#### [Assignment]
Look through the entries below for the line with "Shown at left" and the line with "PKH80是盘岩科技一款非常", then give again exactly those two lines and all lines between them, minus the pictures.

#### [Input data]
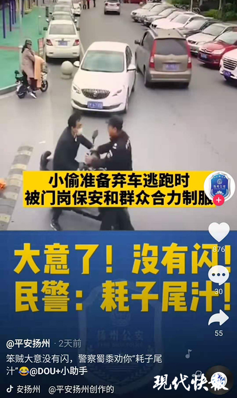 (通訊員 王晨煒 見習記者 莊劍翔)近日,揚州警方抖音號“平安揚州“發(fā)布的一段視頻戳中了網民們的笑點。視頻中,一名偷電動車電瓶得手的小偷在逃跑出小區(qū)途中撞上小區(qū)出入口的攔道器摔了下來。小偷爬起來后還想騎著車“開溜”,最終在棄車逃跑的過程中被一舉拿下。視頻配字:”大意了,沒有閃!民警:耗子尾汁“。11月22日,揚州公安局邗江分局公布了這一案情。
...
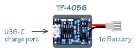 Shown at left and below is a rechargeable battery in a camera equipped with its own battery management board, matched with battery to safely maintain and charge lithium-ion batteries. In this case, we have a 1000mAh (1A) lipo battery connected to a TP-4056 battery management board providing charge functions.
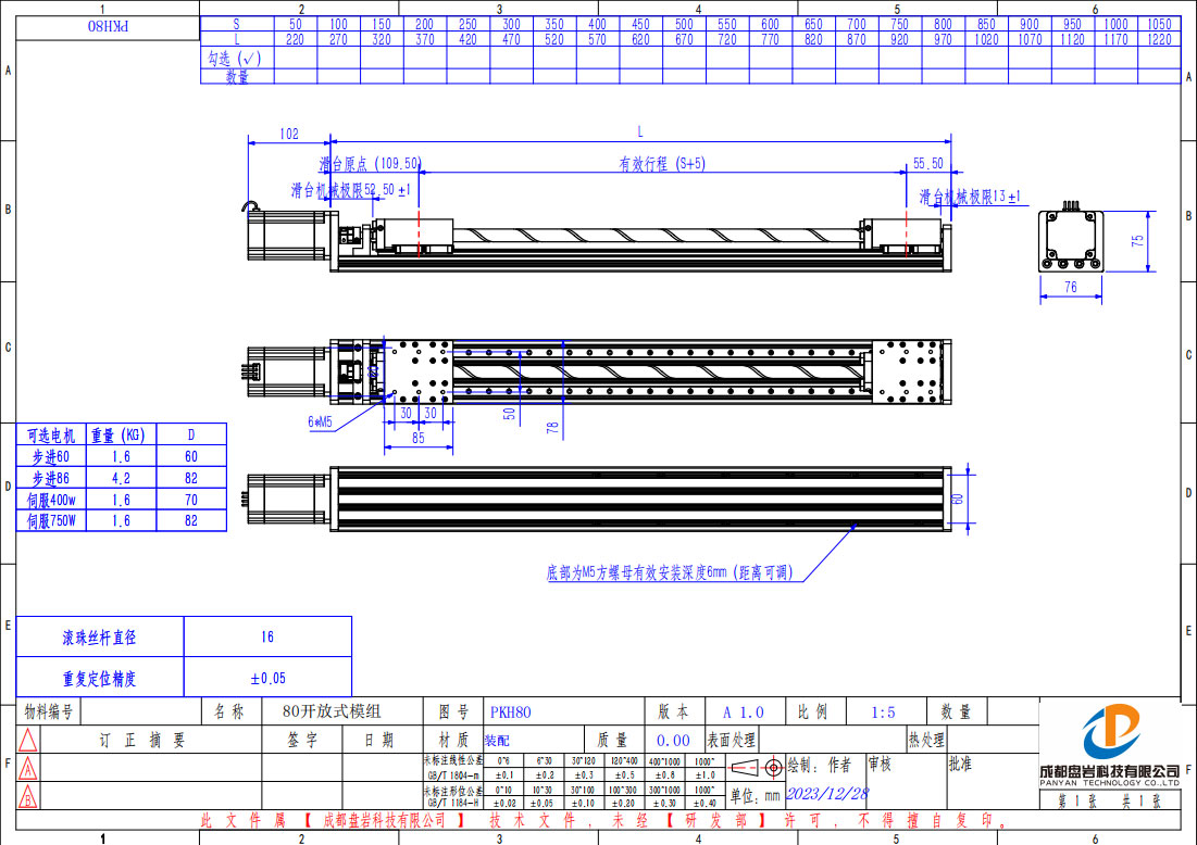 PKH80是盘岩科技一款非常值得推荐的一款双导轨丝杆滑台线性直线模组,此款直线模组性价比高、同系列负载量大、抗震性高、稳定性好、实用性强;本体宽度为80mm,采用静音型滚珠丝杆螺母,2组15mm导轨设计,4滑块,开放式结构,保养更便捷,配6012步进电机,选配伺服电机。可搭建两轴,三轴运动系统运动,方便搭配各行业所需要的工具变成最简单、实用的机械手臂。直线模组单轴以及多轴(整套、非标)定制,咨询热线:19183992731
---
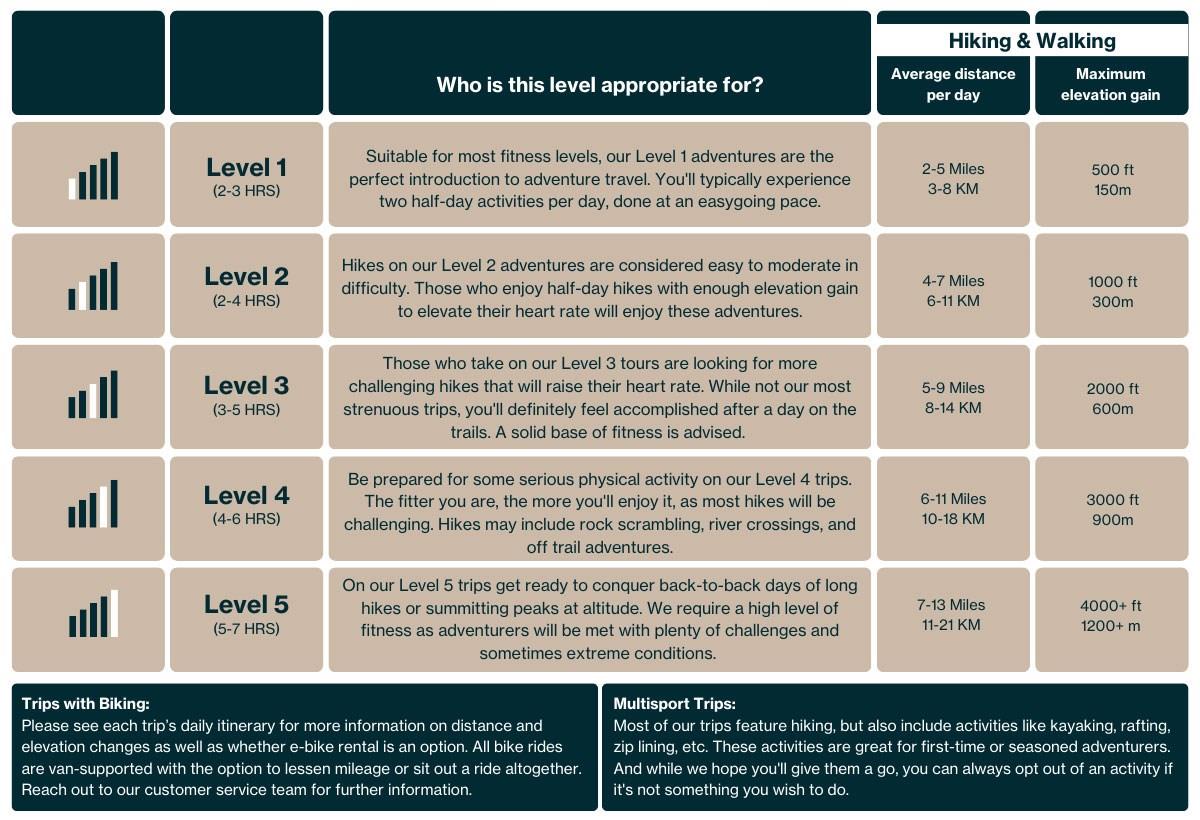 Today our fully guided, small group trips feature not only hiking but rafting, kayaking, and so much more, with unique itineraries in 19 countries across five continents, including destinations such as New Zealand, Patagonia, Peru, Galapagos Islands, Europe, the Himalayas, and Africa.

#### [Reply to the task]
 Shown at left and below is a rechargeable battery in a camera equipped with its own battery management board, matched with battery to safely maintain and charge lithium-ion batteries. In this case, we have a 1000mAh (1A) lipo battery connected to a TP-4056 battery management board providing charge functions.
 PKH80是盘岩科技一款非常值得推荐的一款双导轨丝杆滑台线性直线模组,此款直线模组性价比高、同系列负载量大、抗震性高、稳定性好、实用性强;本体宽度为80mm,采用静音型滚珠丝杆螺母,2组15mm导轨设计,4滑块,开放式结构,保养更便捷,配6012步进电机,选配伺服电机。可搭建两轴,三轴运动系统运动,方便搭配各行业所需要的工具变成最简单、实用的机械手臂。直线模组单轴以及多轴(整套、非标)定制,咨询热线:19183992731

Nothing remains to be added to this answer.